The Clipping Problem: When we apply Seq-TIS, we compute $\min(10000, C) \cdot f(y) = C \cdot f(y)$. The sample is still included in the gradient update with weight $C$. If $f(y)$ is malformed (due to the OOD nature of $y$), we introduce a systematic error into every gradient step.

Why This Violates the Trust Region: Recall from the TRPO lower bound that the surrogate objective $L_\mu(\pi)$ is only valid when $D_{TV}^{\max}(\pi, \mu) \leq \delta$. Samples with extreme importance ratios $\rho(y) \gg C$ indicate that $\pi$ and $\mu$ have diverged far beyond this trust region for that particular sample. Clipping the weight does not fix the underlying problem—the sample itself lies outside the region where the first-order approximation holds.

1.2 The Solution: Hard Trust Region via Rejection (Seq-MIS)

Instead of soft clipping, we enforce a Hard Trust Region: samples outside the trusted region are rejected entirely.

Definition: Sequence-Level Masked IS (Seq-MIS)

$$ \hat{g}_{\text{seq-mis}}(y) = \mathbb{I}(\rho(y) \le C) \cdot \rho(y) \cdot f(y) $$

where $\mathbb{I}(\cdot)$ is the indicator function.

Mathematical Interpretation: The trust region is defined as:

$$ \mathcal{T}_C = \{y : \rho(y) \le C\} = \left\{y : \frac{\pi(y)}{\mu(y)} \le C\right\} $$

Only samples within this region contribute to the gradient. Samples with $\rho(y) \gt C$ are treated as unreliable and excluded.

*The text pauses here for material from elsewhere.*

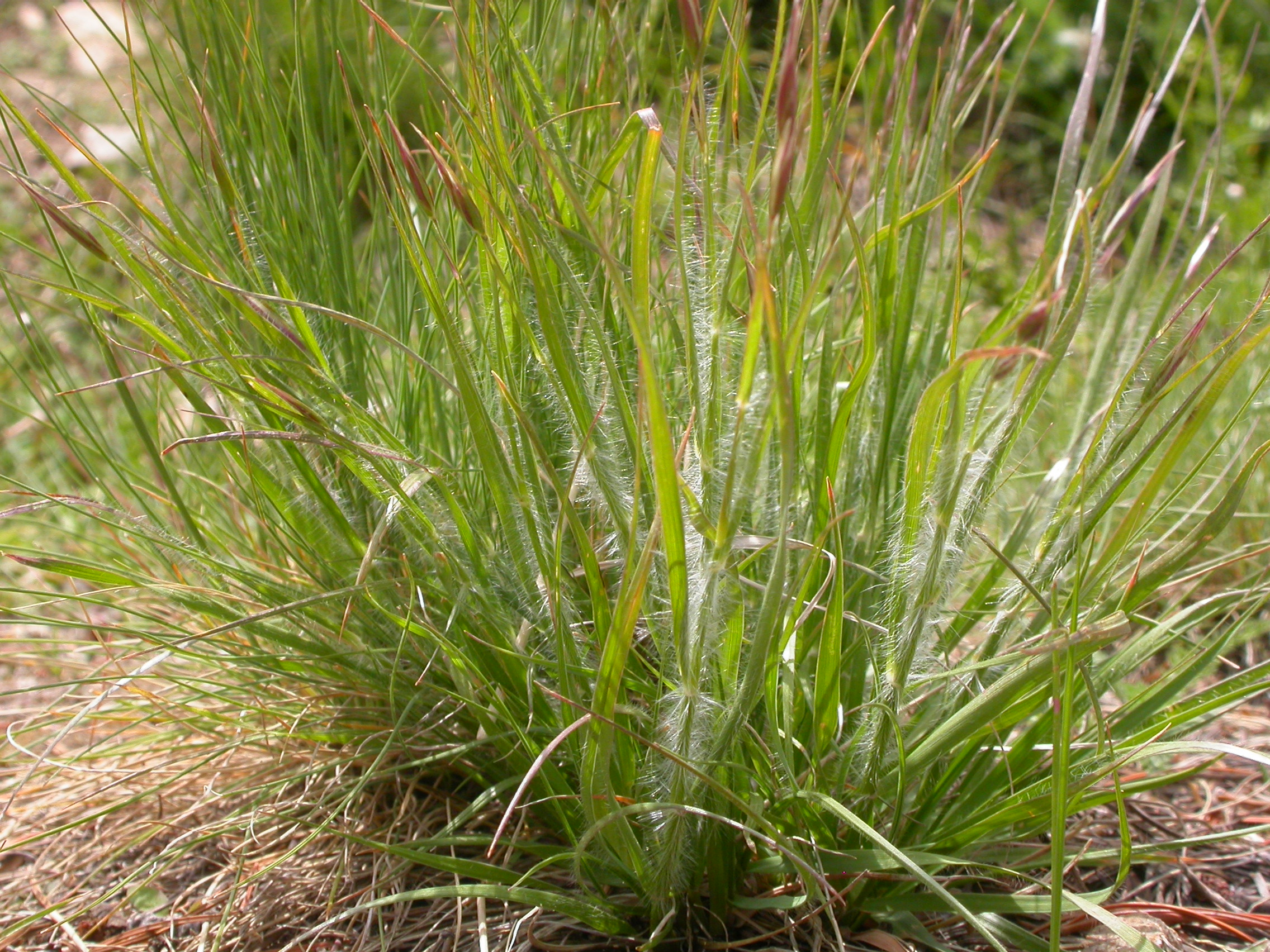 Danthonia unispicata in Carbon Co., Montana, USA
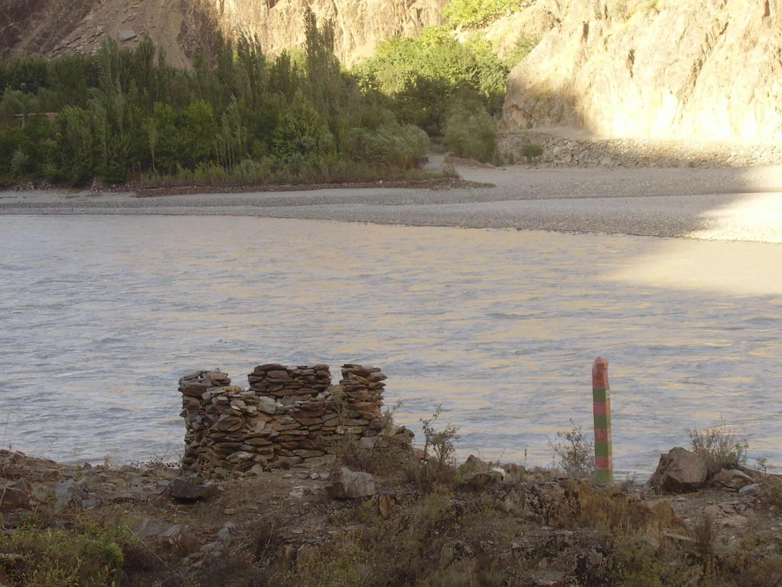 Tajikistan Afghanistan border divided by Panj River

Connection to TRPO: This implements the trust region concept from TRPO theory (Part 1), where the trust region constraint $D_{TV}(\pi | \mu) \le \delta$ must be enforced to guarantee improvement. Seq-MIS enforces this constraint via rejection (hard trust region) rather than penalization (soft trust region), ensuring that gradient updates only use samples from the valid trust region.

1.3 Bias-Variance Analysis of Seq-MIS

Bias: The Seq-MIS estimator is biased. By importance sampling identity:

$$ \mathbb{E}_\mu[\hat{g}_{\text{seq-mis}}] = \mathbb{E}_\mu[\mathbb{I}(\rho \le C) \cdot \rho \cdot f] = \sum_y \mu(y) \cdot \mathbb{I}(\rho(y) \le C) \cdot \frac{\pi(y)}{\mu(y)} \cdot f(y) $$ $$ = \sum_y \pi(y) \cdot \mathbb{I}(\rho(y) \le C) \cdot f(y) = \mathbb{E}_\pi[f \cdot \mathbb{I}(\rho \le C)] $$

The true gradient is $g = \mathbb{E}_\pi[f]$. Therefore:

$$ \text{Bias} = \mathbb{E}_\mu[\hat{g}_{\text{seq-mis}}] - g = \mathbb{E}_\pi[f \cdot \mathbb{I}(\rho \le C)] - \mathbb{E}_\pi[f] = -\mathbb{E}_\pi[f \cdot \mathbb{I}(\rho > C)] $$

The bias is the negative of the contribution from rejected samples (weighted by $\pi$).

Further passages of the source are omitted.